MR BERRY (continuing):

While it has seriously considered your suggestion the Committee has decided that its current commitments do not allow it to seek an additional reference at this time. However, the Committee will reconsider seeking a reference on the issue when it has concluded its current inquiry.

There is still interest in it at the national level. The minister is asking us to do a bit of an inquiry in relation to these matters in the ACT and forget the fact that the national emphasis might still be pursued at some later time. I consider his stubbornness on this issue to be quite astounding. For months he has been pushing this barrow and for months the committee has been trying to tell him that there are other ways of doing it which are more appropriate, but the minister continues to persist doggedly with the line that he has adopted in relation to referring to this Assembly committee work that ought to be conducted by the government.

I can only conclude that the minister's aim is to try to keep the committee busy doing things that he wants it to do rather than allowing the committee to do things that Assembly members want it to do and that he would rather set the priorities for the committees than have the committees set some of their own priorities. Yes, it is an obligation that this house can respond to, but I say to members in relation to this matter that it is clearly something about which there is interest at a national level, about which there will be an inquiry and about which there is already information available that the minister could, if he really wanted to, get some of his departmental officers to deal with or, if he considers it to be so important, hire some sort of consultant or someone else to deal with the issue.

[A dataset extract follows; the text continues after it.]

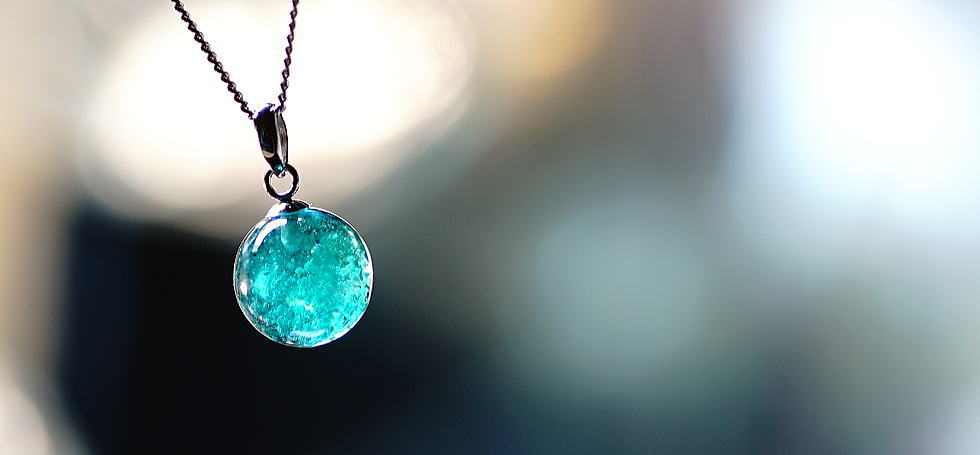 - シンプルな球体のフォルム。内部には暖かな南の海のようなアクアマリンブルーの色合いを施しました。チェーンや金具パーツにはプラチナ素材をお付けいたしました。世界にひとつのメモリアルペンダントとしてお作りしております。ぜひこれからも末永くご愛用いただければ幸いです。
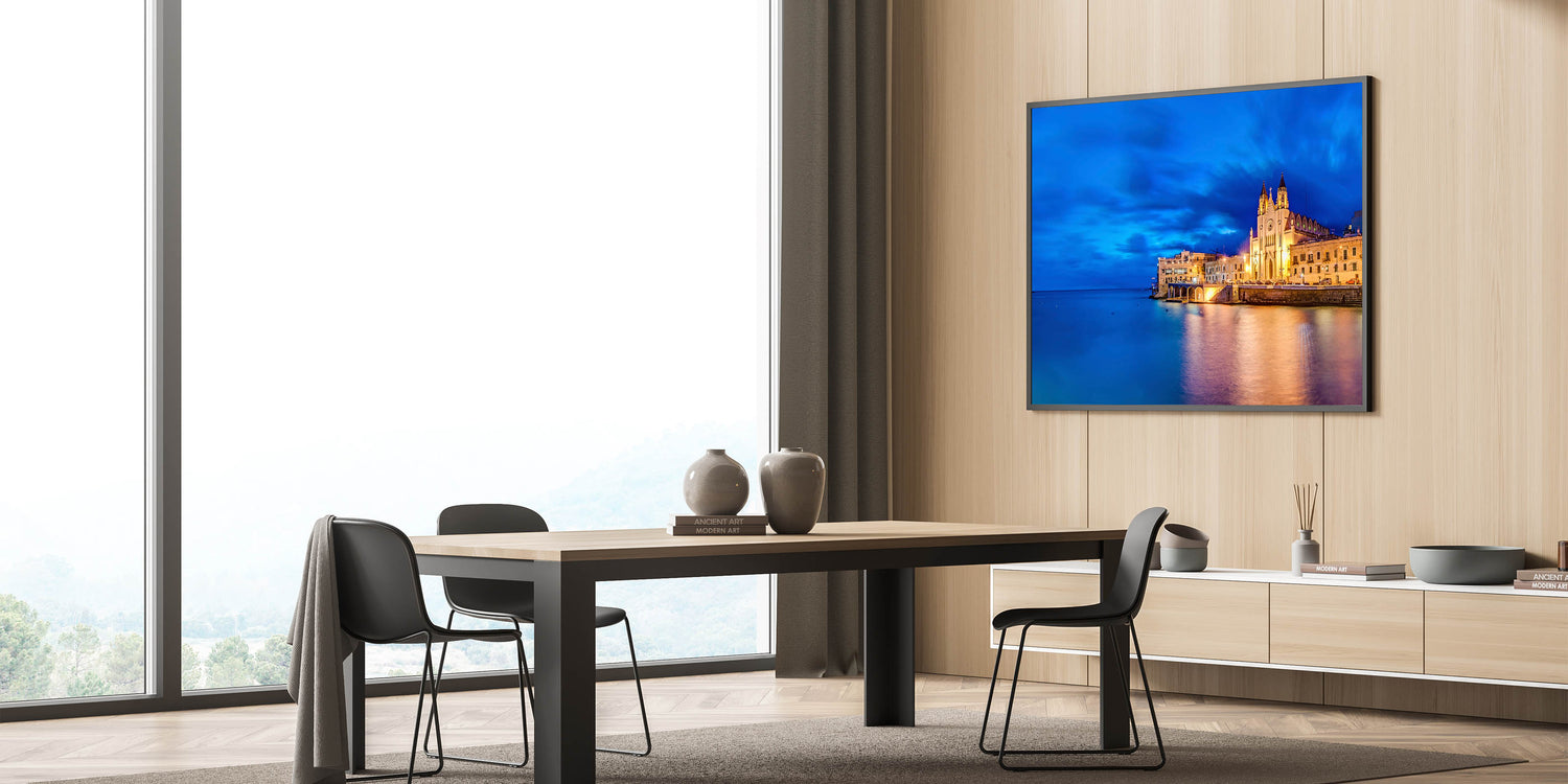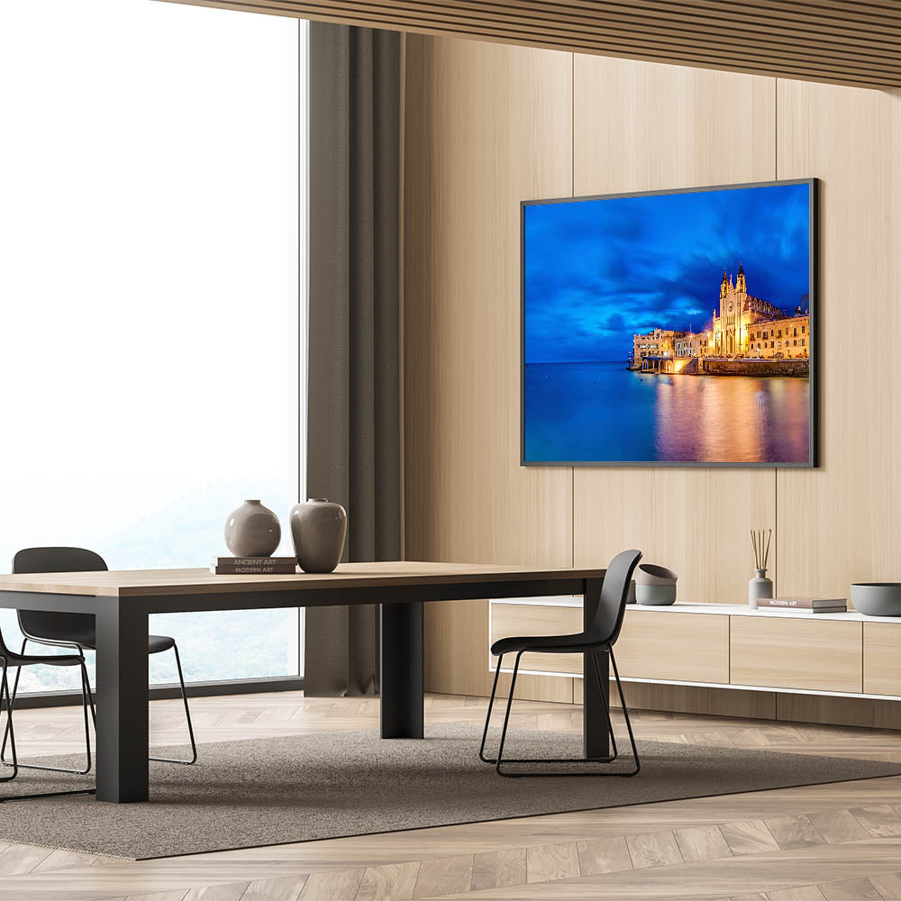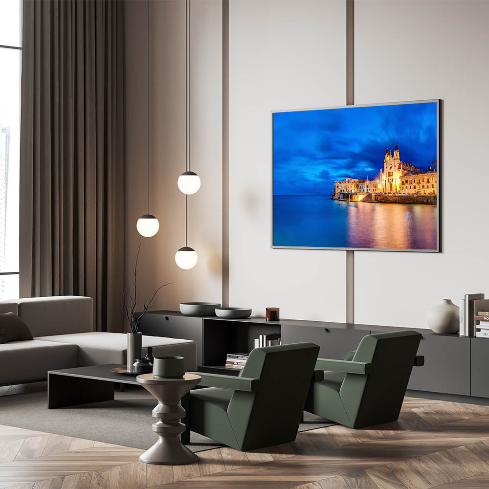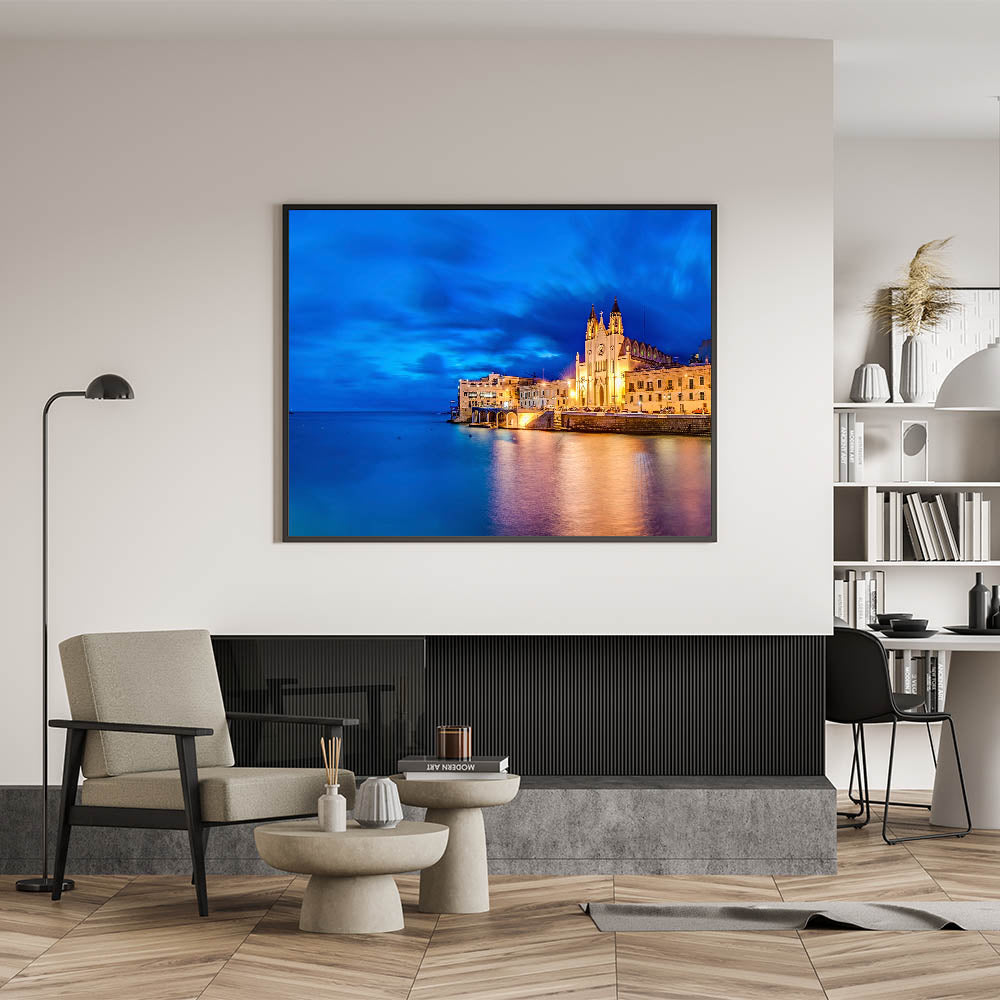 Capture the captivating beauty of Malta’s evening coastal cityscape with this mesmerizing wall art. The deep blue hues of the Mediterranean sea and sky meet the illuminated historic architecture, creating a breathtaking scene that reflects the enchanting charm of this European coastal city. Perfect for adding sophistication and a sense of calm to any room, this piece is ideal for lovers of Malta Scenic Art.

To force it upon a committee in the way that the minister has just smells to me like some sort of ideological mindset, trying to keep the committee busy doing things that the government wants it to do, rather than on matters which are before the committee or might be taken on by the committee in the future. Mr Speaker, Labor will be opposing this silly move by the government.

Mr Moore made reference to the issue of taxis. I can just imagine what happened there: somebody from the taxi company or from the taxi industry said that we should have an inquiry and, as a member of the Legislative Assembly who wants to represent his constituents well, he said, "I will help you out, mate. I will get an inquiry started." Of course, he tried. Therefore, the person who approached him felt happy. But to use that as a reference in this debate is quite inappropriate.

It is clear that the deal here is that the government wants the committee to get busy on something that the government should be doing and it is something in which the minister is involved at one level or another at the appropriate ministerial council. It is an issue in which two areas of the national government have expressed an interest, that is, the relevant Senate committee and the relevant House of Representatives committee. They have said that it is important and they have indicated that they might deal with it later. Why on earth do you want to lock this Assembly into a minor inquiry in the scheme of things, one which looks just at the ACT, when it really would be better to see what the national outcomes were? If the government is so interested in it, why does it not just do so itself?